■ WHAT TO WORK ON ■
No pictures go into the copy. Write out exactly the lines below from the one containing "這次去東京旅遊,口袋名單中不" through the one containing "A combination of".

■ RECORDS SHOWN ■
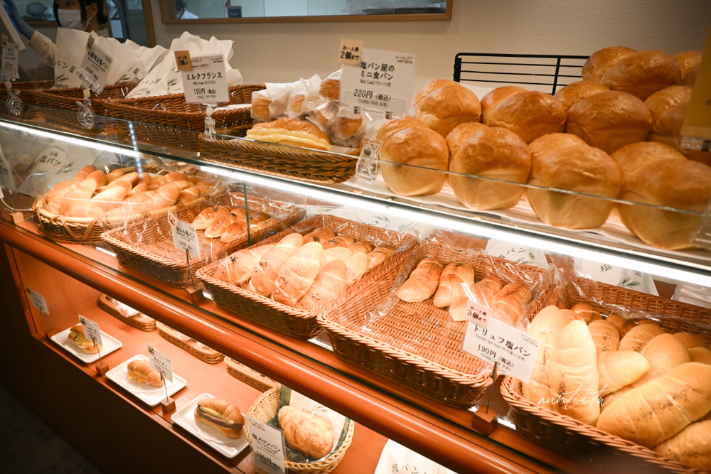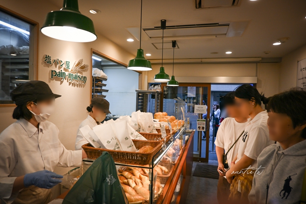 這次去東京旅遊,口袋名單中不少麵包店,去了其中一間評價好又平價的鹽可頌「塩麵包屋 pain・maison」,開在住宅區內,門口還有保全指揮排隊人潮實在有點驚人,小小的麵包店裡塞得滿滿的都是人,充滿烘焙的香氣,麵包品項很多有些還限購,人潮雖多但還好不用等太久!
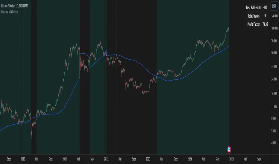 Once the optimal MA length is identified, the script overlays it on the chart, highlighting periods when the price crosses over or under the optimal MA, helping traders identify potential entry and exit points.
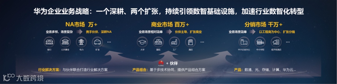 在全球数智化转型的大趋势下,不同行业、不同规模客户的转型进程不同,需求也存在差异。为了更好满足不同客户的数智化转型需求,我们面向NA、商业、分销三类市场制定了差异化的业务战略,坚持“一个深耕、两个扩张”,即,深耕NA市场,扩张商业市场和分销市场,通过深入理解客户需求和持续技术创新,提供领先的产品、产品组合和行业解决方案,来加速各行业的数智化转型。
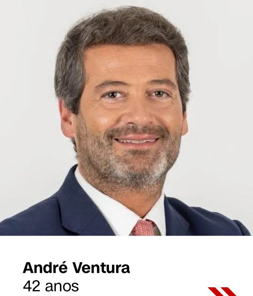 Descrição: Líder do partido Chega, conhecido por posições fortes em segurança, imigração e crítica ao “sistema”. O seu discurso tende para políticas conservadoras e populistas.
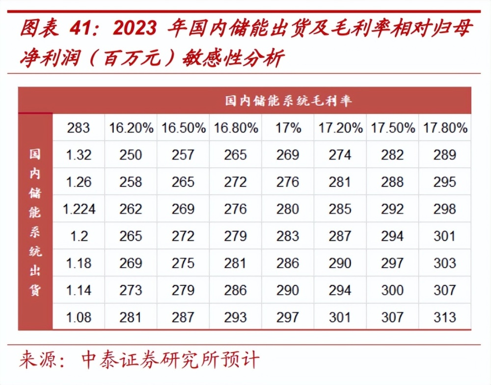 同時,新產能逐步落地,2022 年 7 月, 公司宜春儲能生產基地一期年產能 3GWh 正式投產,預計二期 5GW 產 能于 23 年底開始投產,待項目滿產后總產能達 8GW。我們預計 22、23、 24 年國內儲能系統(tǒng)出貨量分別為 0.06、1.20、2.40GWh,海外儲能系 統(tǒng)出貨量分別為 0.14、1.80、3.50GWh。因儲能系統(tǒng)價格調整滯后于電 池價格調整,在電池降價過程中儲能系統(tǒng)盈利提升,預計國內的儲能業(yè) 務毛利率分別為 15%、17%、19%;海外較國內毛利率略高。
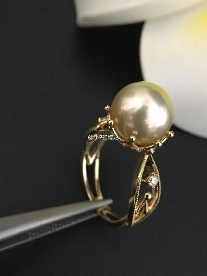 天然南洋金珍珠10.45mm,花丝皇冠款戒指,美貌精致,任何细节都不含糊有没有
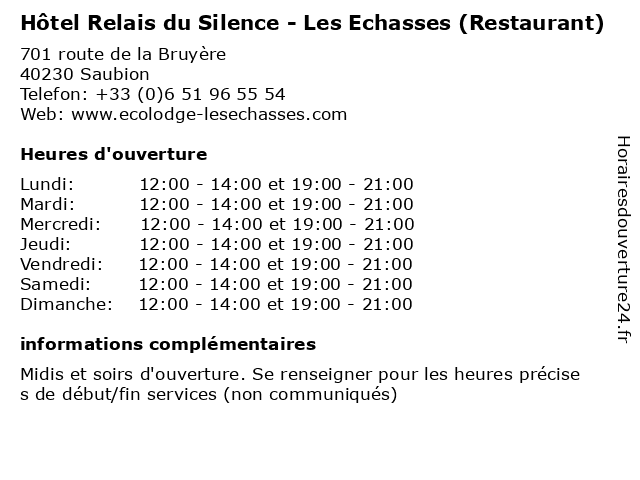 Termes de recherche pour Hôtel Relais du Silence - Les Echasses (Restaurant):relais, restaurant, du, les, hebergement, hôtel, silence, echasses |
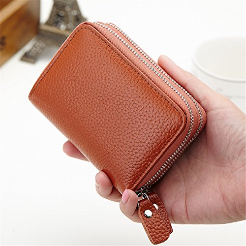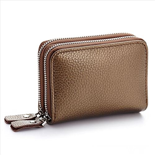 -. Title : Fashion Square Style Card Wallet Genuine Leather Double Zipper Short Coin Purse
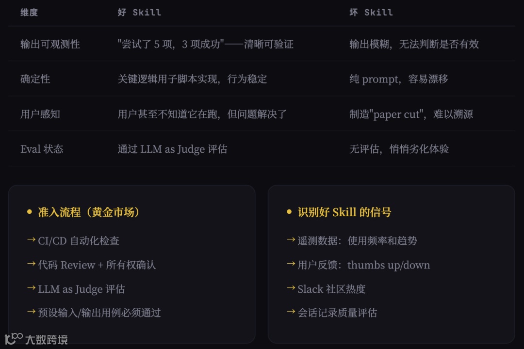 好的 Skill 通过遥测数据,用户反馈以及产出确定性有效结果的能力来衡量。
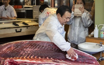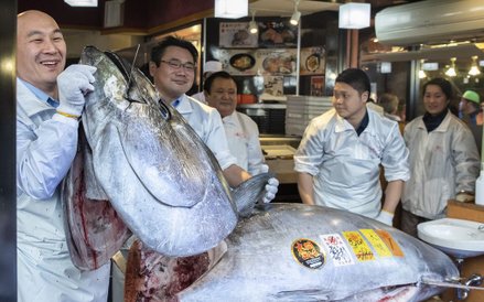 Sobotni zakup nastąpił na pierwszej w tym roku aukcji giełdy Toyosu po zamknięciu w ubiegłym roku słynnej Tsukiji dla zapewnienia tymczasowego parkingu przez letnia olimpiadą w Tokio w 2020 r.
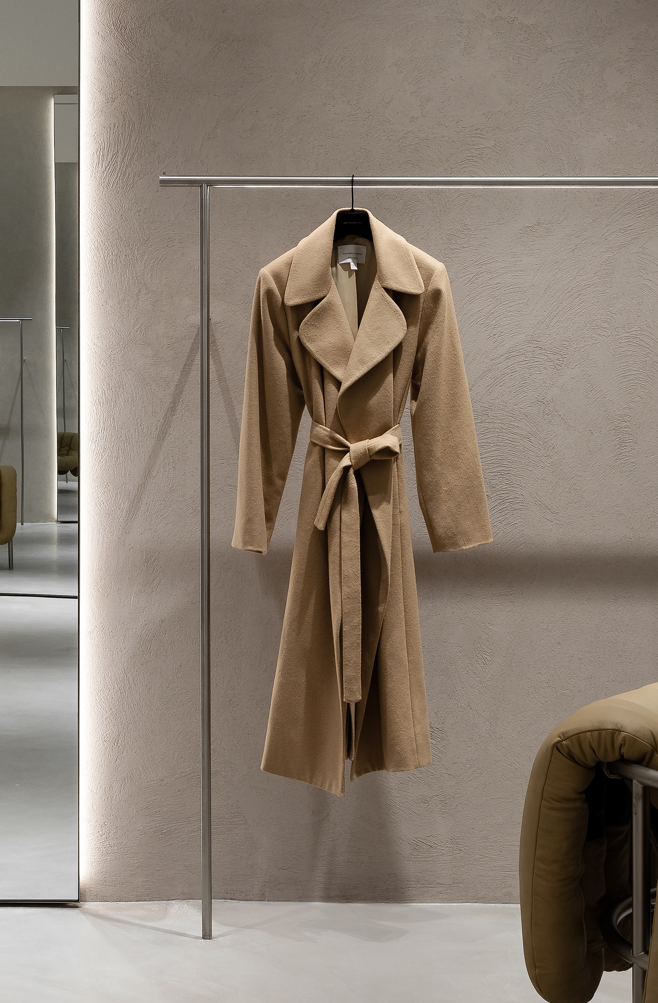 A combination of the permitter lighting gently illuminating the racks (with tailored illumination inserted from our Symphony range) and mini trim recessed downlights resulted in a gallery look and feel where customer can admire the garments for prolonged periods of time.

==

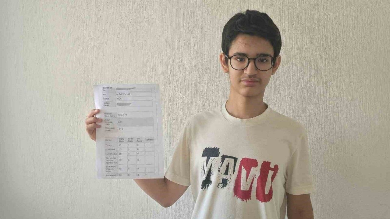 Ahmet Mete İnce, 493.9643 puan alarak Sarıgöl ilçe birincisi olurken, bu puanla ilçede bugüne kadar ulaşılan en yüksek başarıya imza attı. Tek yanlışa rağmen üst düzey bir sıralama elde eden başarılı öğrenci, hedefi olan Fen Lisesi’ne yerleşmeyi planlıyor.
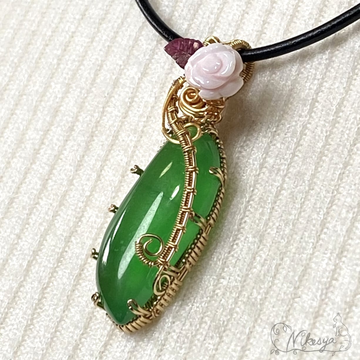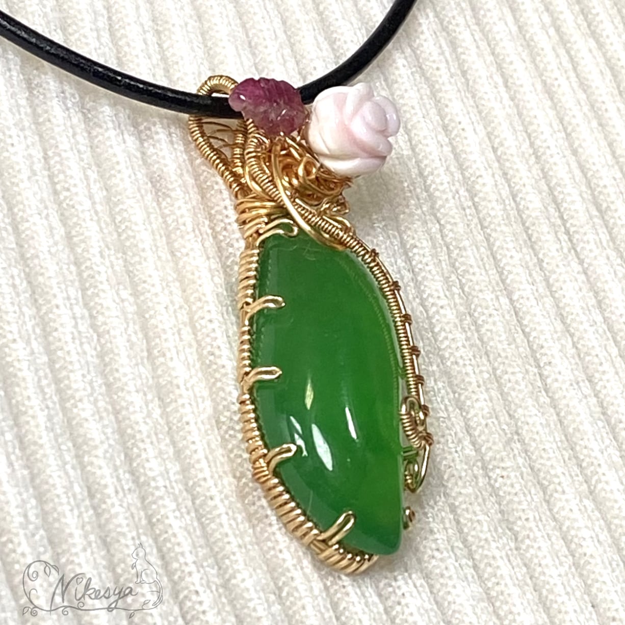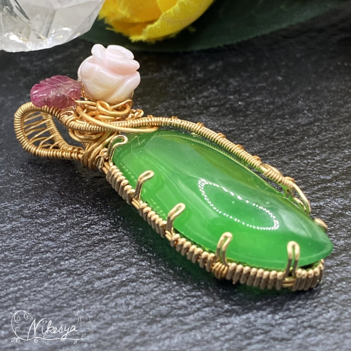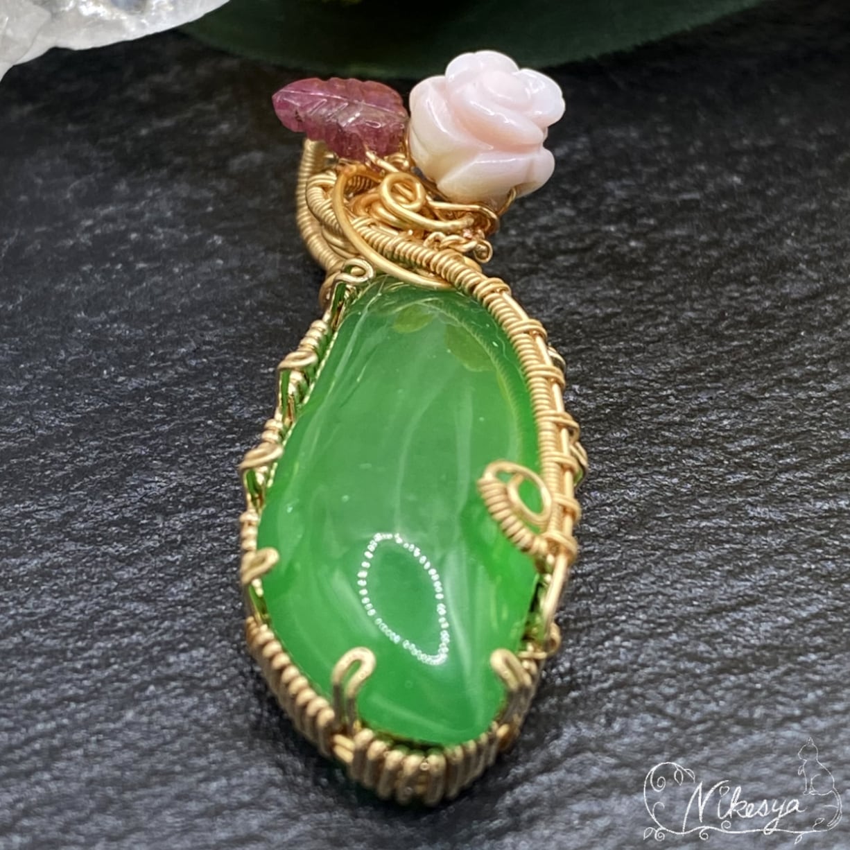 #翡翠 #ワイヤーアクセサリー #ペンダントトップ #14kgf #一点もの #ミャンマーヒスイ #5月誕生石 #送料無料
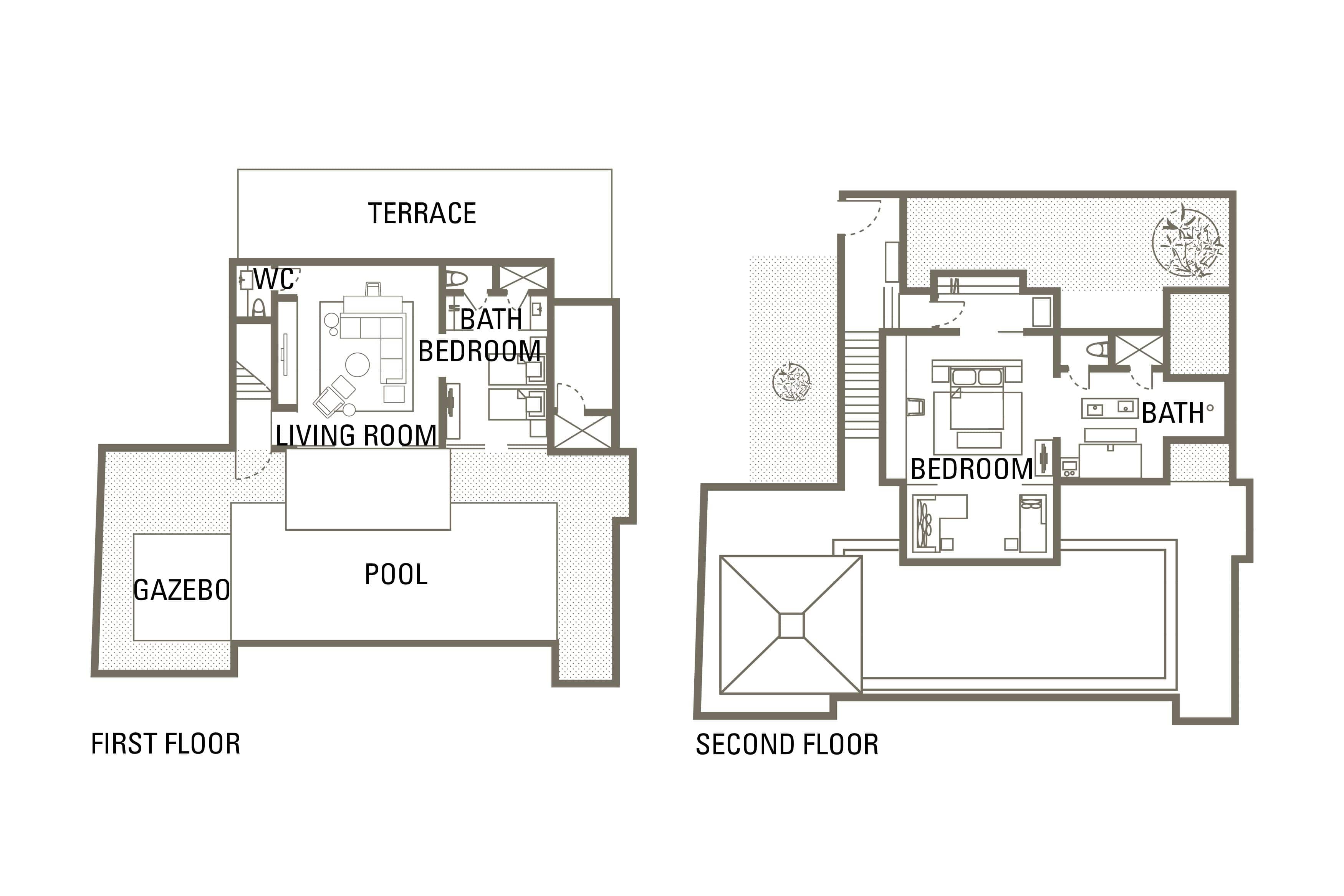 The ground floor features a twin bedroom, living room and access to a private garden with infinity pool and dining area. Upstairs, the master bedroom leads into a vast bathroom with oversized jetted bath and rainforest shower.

■ EXERCISE RESULT ■
 這次去東京旅遊,口袋名單中不少麵包店,去了其中一間評價好又平價的鹽可頌「塩麵包屋 pain・maison」,開在住宅區內,門口還有保全指揮排隊人潮實在有點驚人,小小的麵包店裡塞得滿滿的都是人,充滿烘焙的香氣,麵包品項很多有些還限購,人潮雖多但還好不用等太久!
 Once the optimal MA length is identified, the script overlays it on the chart, highlighting periods when the price crosses over or under the optimal MA, helping traders identify potential entry and exit points.
 在全球数智化转型的大趋势下,不同行业、不同规模客户的转型进程不同,需求也存在差异。为了更好满足不同客户的数智化转型需求,我们面向NA、商业、分销三类市场制定了差异化的业务战略,坚持“一个深耕、两个扩张”,即,深耕NA市场,扩张商业市场和分销市场,通过深入理解客户需求和持续技术创新,提供领先的产品、产品组合和行业解决方案,来加速各行业的数智化转型。
 Descrição: Líder do partido Chega, conhecido por posições fortes em segurança, imigração e crítica ao “sistema”. O seu discurso tende para políticas conservadoras e populistas.
 同時,新產能逐步落地,2022 年 7 月, 公司宜春儲能生產基地一期年產能 3GWh 正式投產,預計二期 5GW 產 能于 23 年底開始投產,待項目滿產后總產能達 8GW。我們預計 22、23、 24 年國內儲能系統(tǒng)出貨量分別為 0.06、1.20、2.40GWh,海外儲能系 統(tǒng)出貨量分別為 0.14、1.80、3.50GWh。因儲能系統(tǒng)價格調整滯后于電 池價格調整,在電池降價過程中儲能系統(tǒng)盈利提升,預計國內的儲能業(yè) 務毛利率分別為 15%、17%、19%;海外較國內毛利率略高。
 天然南洋金珍珠10.45mm,花丝皇冠款戒指,美貌精致,任何细节都不含糊有没有
 Termes de recherche pour Hôtel Relais du Silence - Les Echasses (Restaurant):relais, restaurant, du, les, hebergement, hôtel, silence, echasses |
 -. Title : Fashion Square Style Card Wallet Genuine Leather Double Zipper Short Coin Purse
 好的 Skill 通过遥测数据,用户反馈以及产出确定性有效结果的能力来衡量。
 Sobotni zakup nastąpił na pierwszej w tym roku aukcji giełdy Toyosu po zamknięciu w ubiegłym roku słynnej Tsukiji dla zapewnienia tymczasowego parkingu przez letnia olimpiadą w Tokio w 2020 r.
 A combination of the permitter lighting gently illuminating the racks (with tailored illumination inserted from our Symphony range) and mini trim recessed downlights resulted in a gallery look and feel where customer can admire the garments for prolonged periods of time.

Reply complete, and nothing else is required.